Collected data entries
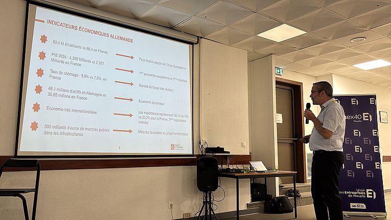 In diesem Ambiente konnten über 40 Teilnehmer – französische Unternehmerinnen und Unternehmer – sich über die wirtschaftliche Zusammenarbeit mit Deutschland informieren. Und auch, wie sie dabei ganz konkret unterstützt werden können: von rechtlicher und wirtschaftlicher Beratung bis hin zu finanziellen Begleitung durch die Sparkassen dies und jenseits der Grenze. In der Podiumsdiskussion konnten wir so die Hinweise dafür geben, auch wenn französische Unternehmen Interesse haben, sich an deutschen Unternehmen zu beteiligen. Ein ganz dringendes Problem, auch vor dem Hintergrund Nachfolgerinnen und Nachfolger für viele deutsche kleine und mittlere Unternehmen zu finden. Aus der Diskussion ergab sich, dass französische Unternehmer sich häufig aufgrund Sprache und ähnlicher Historie gerne nach Luxemburg orientieren. Dass aber der natürlich weitaus größere deutsche Markt für sie auch von Interesse ist. Und zwar ohne vorab perfekt Deutsch lernen zu müssen. Gerade in Lothringen, und im Saarland gibt es häufig zweisprachige Mitarbeiterinnen und Mitarbeiter in den Unternehmen beiderseits der Grenze , die potentielle Investoren sprachlich und kulturell hervorragend unterstützen können. Europa lebt vom deutsch-französischen Motor – und das gilt nicht nur für die Politik, sondern auch für die Wirtschaft. Ein weiteres enges Zusammenrücken, auch in den vorgenannten Feldern ist so einer der zukünftigen Eckpfeiler zum Wohle der Wirtschaft und damit auch der Menschen auf beiden Seiten der Grenze.
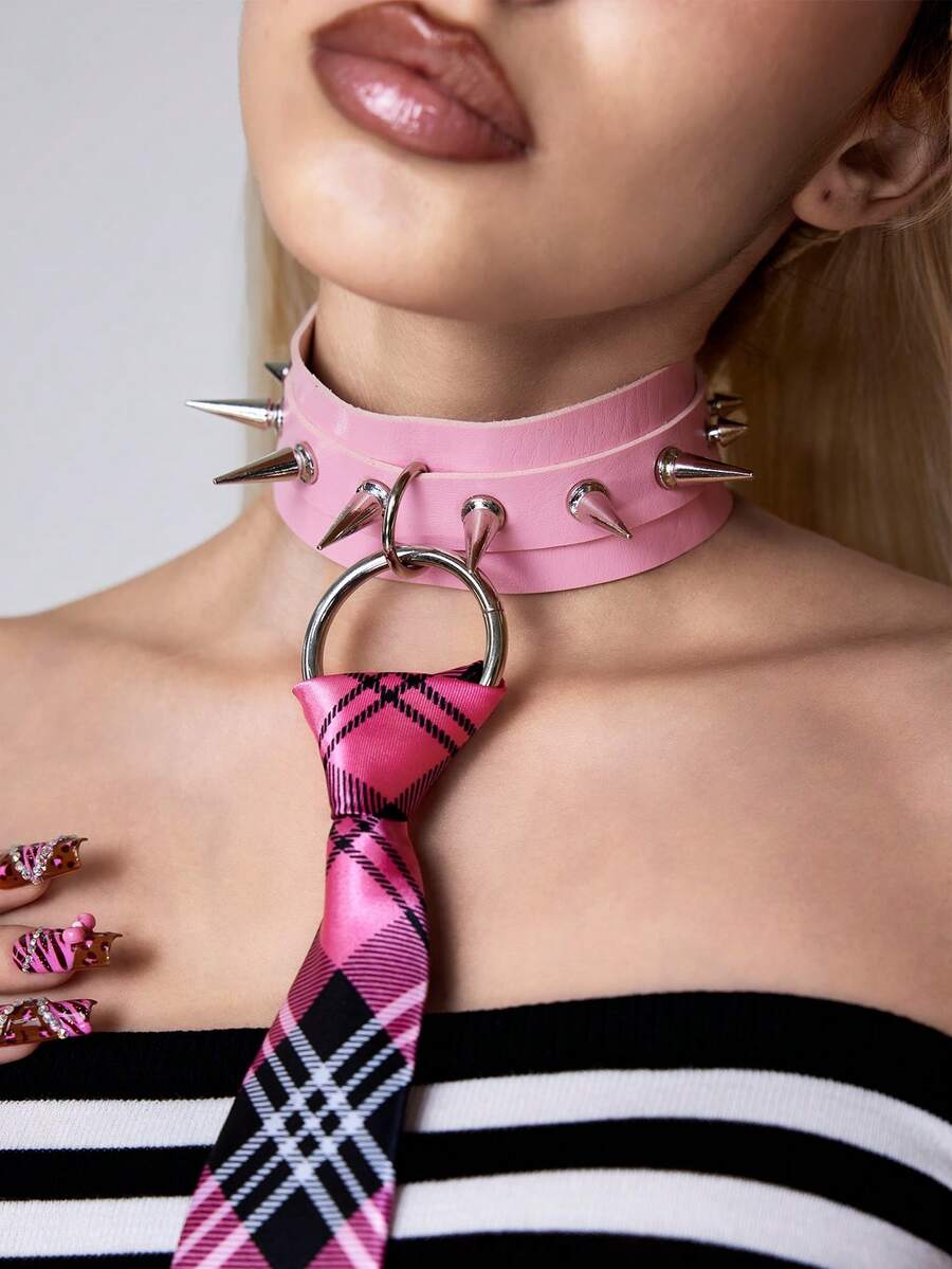 Grunge Punk 1 Pc Women's Gothic Punk Studded Necktie, Subcultural Fashion Accessory
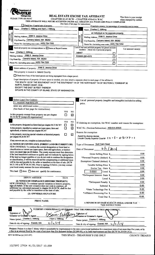 | Mailing Address: | 1104 WATERLOO RD OAK HARBOR, WA 98277 | % Ownership: | 100.0000000000% |
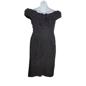 VINTAGE 80s black dress off shoulder embossed gathered cocktail M
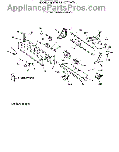 Parts for Ge YWSR2100T3WW: 01 - Controls & Backsplash Parts
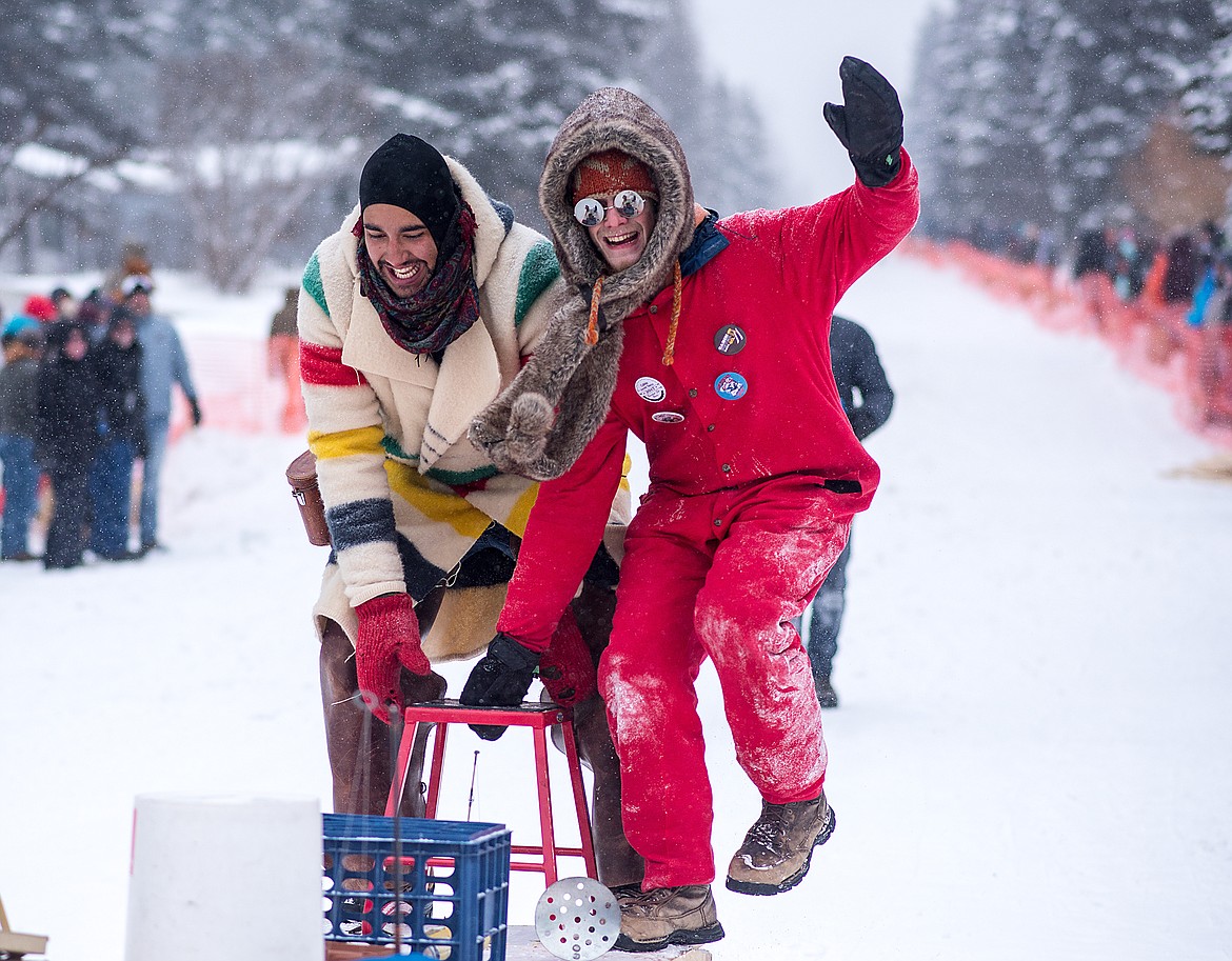 Despite temperatures in the low single digits and steady light snow, a merry band of racers and watchers turned out for the 41st annual Cabin Fever Days Bar Stool races Saturday on Sugar Hill in Martin City. Winds were actually light, compared to Columbia Falls, where it was howling. The races continue today (Sunday) at 1 p.m. and 3 p.m. (finals). It should be cold again, but with light winds.
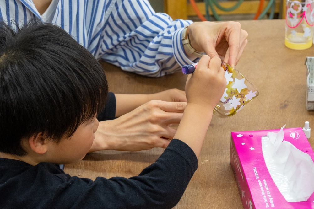 サンドブラスト体験は、コップや瓶にジェルで絵を描いたりシールを貼ります。そのあと専用の機械で砂を吹き付けて全体を「すりガラス」に。最後にジェルやシールを剝がすと、その部分だけ透明に仕上がるのです。4歳の息子でも簡単に、楽しく製作できました。
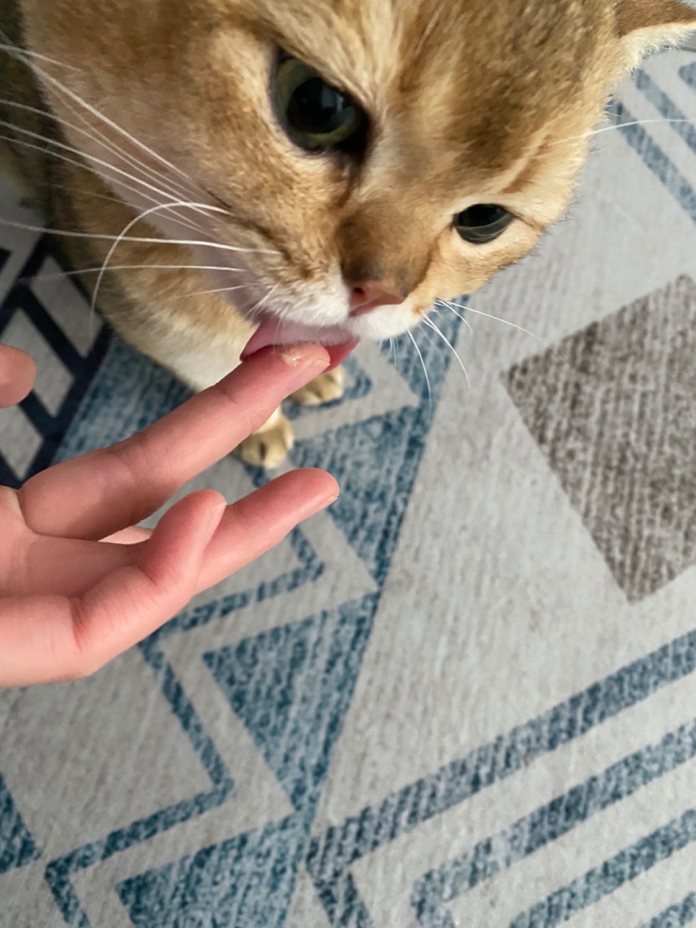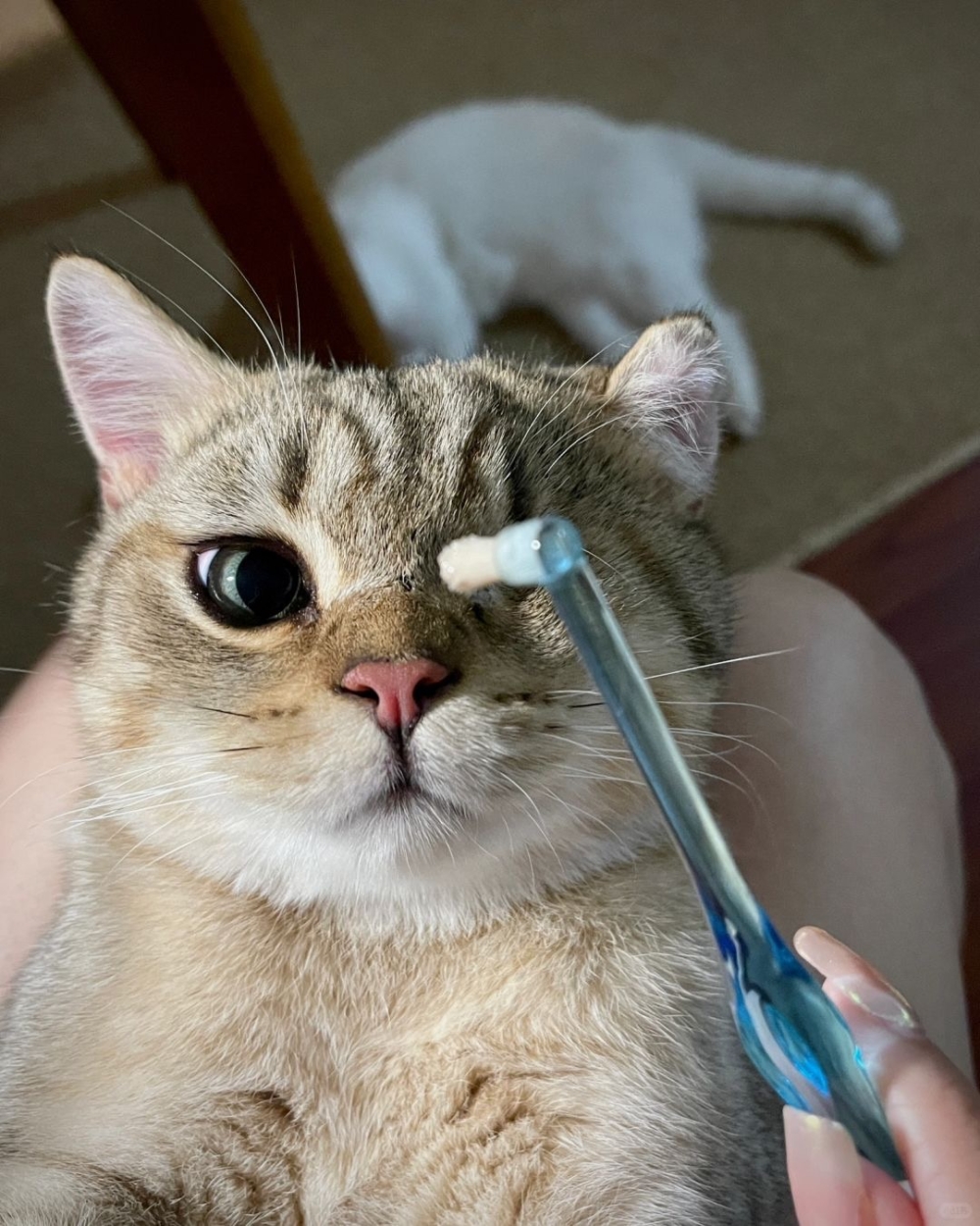 3. 讓貓咪熟悉工具:在開始刷牙前,可以讓貓咪先聞聞牙膏的味道,並將少量牙膏塗在手指上,輕輕地按摩牠的牙齦和牙齒~這樣可以讓貓咪習慣牙膏的味道與質感,並減少抗拒感!

WHAT IS NEEDED: With the pictures dropped, write out all of the entries word for word.

ANSWER FOR THIS EXERCISE:
 In diesem Ambiente konnten über 40 Teilnehmer – französische Unternehmerinnen und Unternehmer – sich über die wirtschaftliche Zusammenarbeit mit Deutschland informieren. Und auch, wie sie dabei ganz konkret unterstützt werden können: von rechtlicher und wirtschaftlicher Beratung bis hin zu finanziellen Begleitung durch die Sparkassen dies und jenseits der Grenze. In der Podiumsdiskussion konnten wir so die Hinweise dafür geben, auch wenn französische Unternehmen Interesse haben, sich an deutschen Unternehmen zu beteiligen. Ein ganz dringendes Problem, auch vor dem Hintergrund Nachfolgerinnen und Nachfolger für viele deutsche kleine und mittlere Unternehmen zu finden. Aus der Diskussion ergab sich, dass französische Unternehmer sich häufig aufgrund Sprache und ähnlicher Historie gerne nach Luxemburg orientieren. Dass aber der natürlich weitaus größere deutsche Markt für sie auch von Interesse ist. Und zwar ohne vorab perfekt Deutsch lernen zu müssen. Gerade in Lothringen, und im Saarland gibt es häufig zweisprachige Mitarbeiterinnen und Mitarbeiter in den Unternehmen beiderseits der Grenze , die potentielle Investoren sprachlich und kulturell hervorragend unterstützen können. Europa lebt vom deutsch-französischen Motor – und das gilt nicht nur für die Politik, sondern auch für die Wirtschaft. Ein weiteres enges Zusammenrücken, auch in den vorgenannten Feldern ist so einer der zukünftigen Eckpfeiler zum Wohle der Wirtschaft und damit auch der Menschen auf beiden Seiten der Grenze.
 Grunge Punk 1 Pc Women's Gothic Punk Studded Necktie, Subcultural Fashion Accessory
 | Mailing Address: | 1104 WATERLOO RD OAK HARBOR, WA 98277 | % Ownership: | 100.0000000000% |
 VINTAGE 80s black dress off shoulder embossed gathered cocktail M
 Parts for Ge YWSR2100T3WW: 01 - Controls & Backsplash Parts
 Despite temperatures in the low single digits and steady light snow, a merry band of racers and watchers turned out for the 41st annual Cabin Fever Days Bar Stool races Saturday on Sugar Hill in Martin City. Winds were actually light, compared to Columbia Falls, where it was howling. The races continue today (Sunday) at 1 p.m. and 3 p.m. (finals). It should be cold again, but with light winds.
 サンドブラスト体験は、コップや瓶にジェルで絵を描いたりシールを貼ります。そのあと専用の機械で砂を吹き付けて全体を「すりガラス」に。最後にジェルやシールを剝がすと、その部分だけ透明に仕上がるのです。4歳の息子でも簡単に、楽しく製作できました。
 3. 讓貓咪熟悉工具:在開始刷牙前,可以讓貓咪先聞聞牙膏的味道,並將少量牙膏塗在手指上,輕輕地按摩牠的牙齦和牙齒~這樣可以讓貓咪習慣牙膏的味道與質感,並減少抗拒感!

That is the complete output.